Provided material:
***

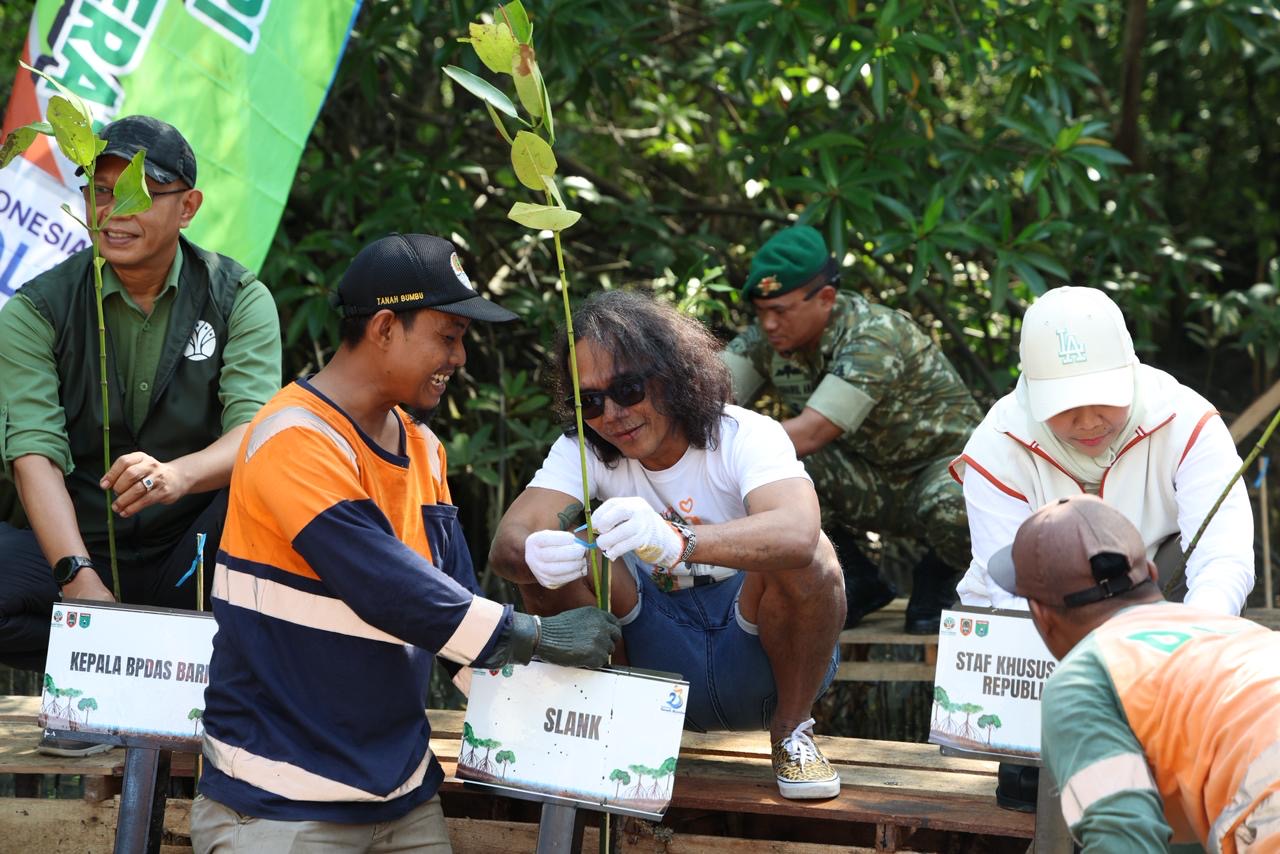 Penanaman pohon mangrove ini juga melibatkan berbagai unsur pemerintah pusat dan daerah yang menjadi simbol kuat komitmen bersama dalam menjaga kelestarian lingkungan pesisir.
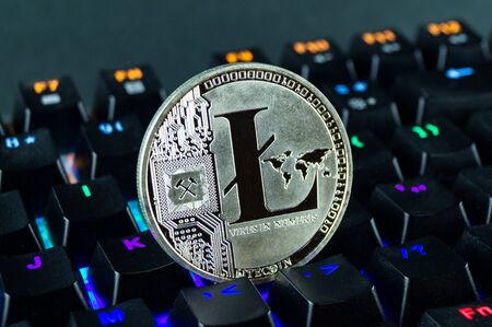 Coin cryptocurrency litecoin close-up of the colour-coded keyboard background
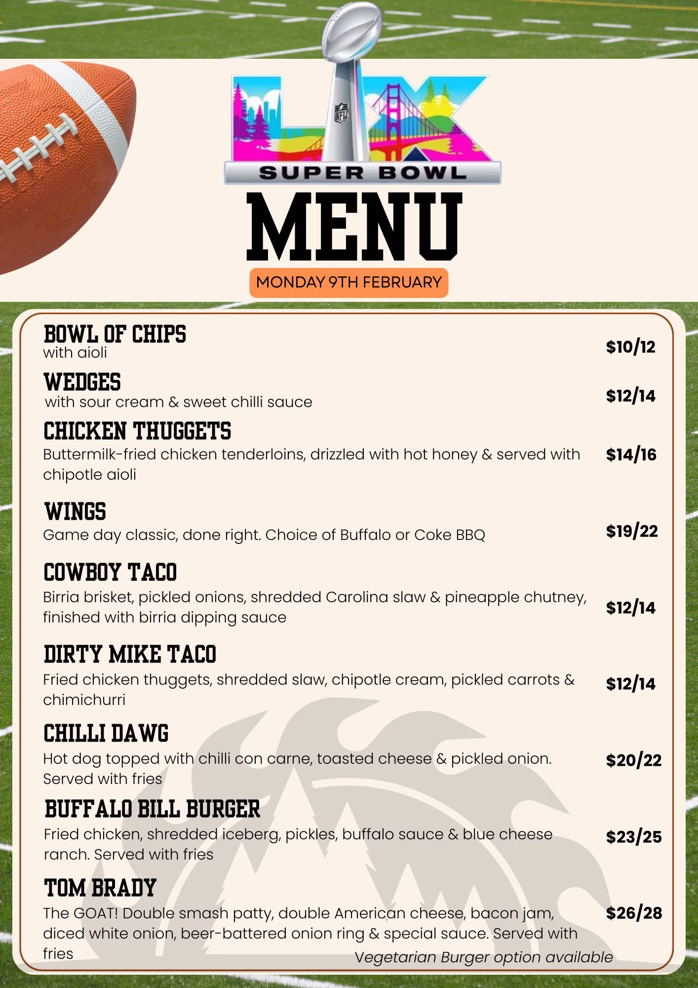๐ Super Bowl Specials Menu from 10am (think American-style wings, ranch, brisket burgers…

***

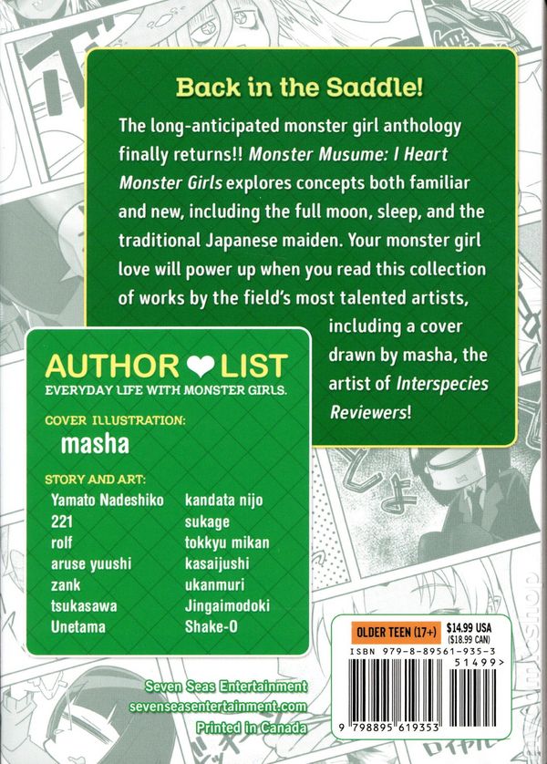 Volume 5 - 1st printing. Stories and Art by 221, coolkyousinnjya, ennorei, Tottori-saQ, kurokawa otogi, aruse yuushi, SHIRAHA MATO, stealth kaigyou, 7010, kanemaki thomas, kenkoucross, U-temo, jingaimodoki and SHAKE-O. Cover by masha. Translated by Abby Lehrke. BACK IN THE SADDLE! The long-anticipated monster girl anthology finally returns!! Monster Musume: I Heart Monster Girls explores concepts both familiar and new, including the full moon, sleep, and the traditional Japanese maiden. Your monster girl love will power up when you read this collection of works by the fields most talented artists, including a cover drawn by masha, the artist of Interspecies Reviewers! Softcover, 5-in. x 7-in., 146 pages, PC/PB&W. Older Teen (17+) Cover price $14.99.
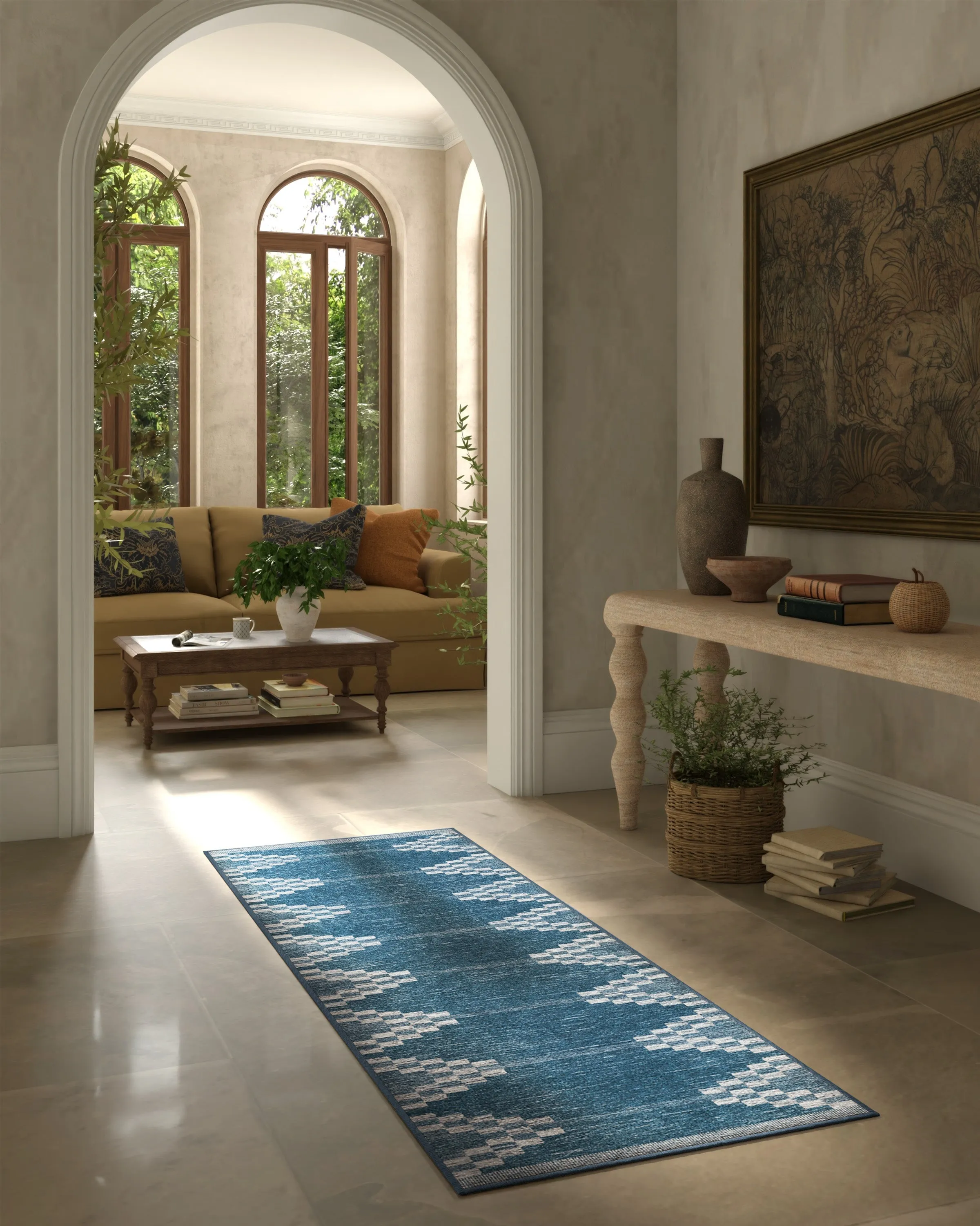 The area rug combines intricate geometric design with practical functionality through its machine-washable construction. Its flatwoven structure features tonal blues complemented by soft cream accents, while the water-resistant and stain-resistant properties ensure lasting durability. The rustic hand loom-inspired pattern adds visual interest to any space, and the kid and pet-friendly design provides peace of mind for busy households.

***

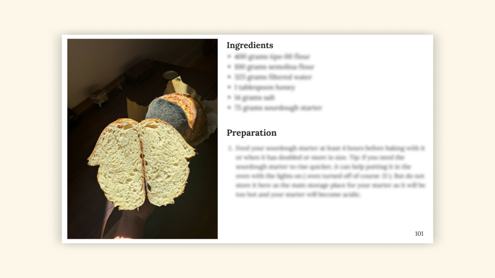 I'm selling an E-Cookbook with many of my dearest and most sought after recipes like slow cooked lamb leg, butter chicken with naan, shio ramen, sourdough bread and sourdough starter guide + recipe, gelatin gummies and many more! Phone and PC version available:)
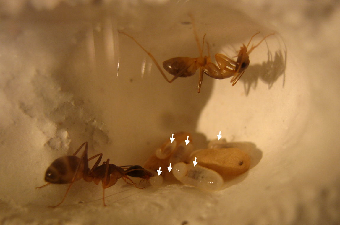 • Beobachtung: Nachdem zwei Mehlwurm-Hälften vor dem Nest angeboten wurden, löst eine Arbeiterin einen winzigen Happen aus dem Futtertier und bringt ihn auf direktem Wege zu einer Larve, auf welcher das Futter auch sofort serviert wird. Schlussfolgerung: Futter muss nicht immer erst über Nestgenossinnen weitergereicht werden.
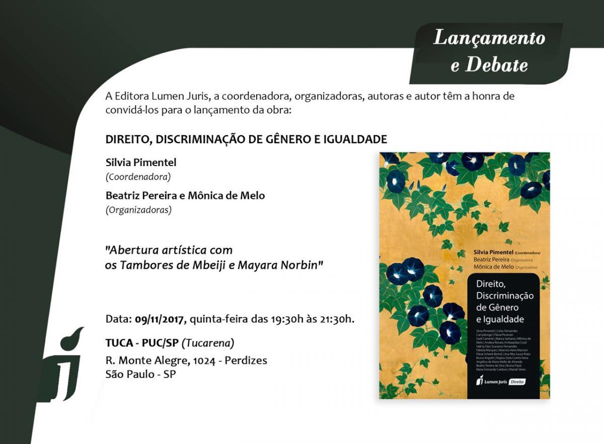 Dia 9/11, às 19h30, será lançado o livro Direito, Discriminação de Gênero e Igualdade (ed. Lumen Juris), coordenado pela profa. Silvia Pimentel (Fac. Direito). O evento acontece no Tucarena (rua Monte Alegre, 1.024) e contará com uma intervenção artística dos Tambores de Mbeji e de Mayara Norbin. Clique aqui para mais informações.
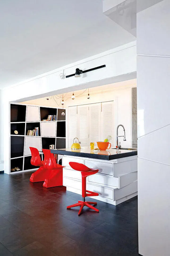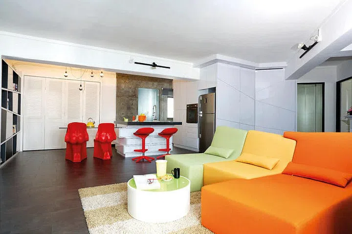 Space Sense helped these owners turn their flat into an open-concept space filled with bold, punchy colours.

***

What this task involves: Only the lines of the listing above from the one with "Penanaman pohon mangrove" through the one with "๐ Super Bowl" should be output, exactly, with both ends kept and pictures left out.

Response for this exercise:
 Penanaman pohon mangrove ini juga melibatkan berbagai unsur pemerintah pusat dan daerah yang menjadi simbol kuat komitmen bersama dalam menjaga kelestarian lingkungan pesisir.
 Coin cryptocurrency litecoin close-up of the colour-coded keyboard background
๐ Super Bowl Specials Menu from 10am (think American-style wings, ranch, brisket burgers…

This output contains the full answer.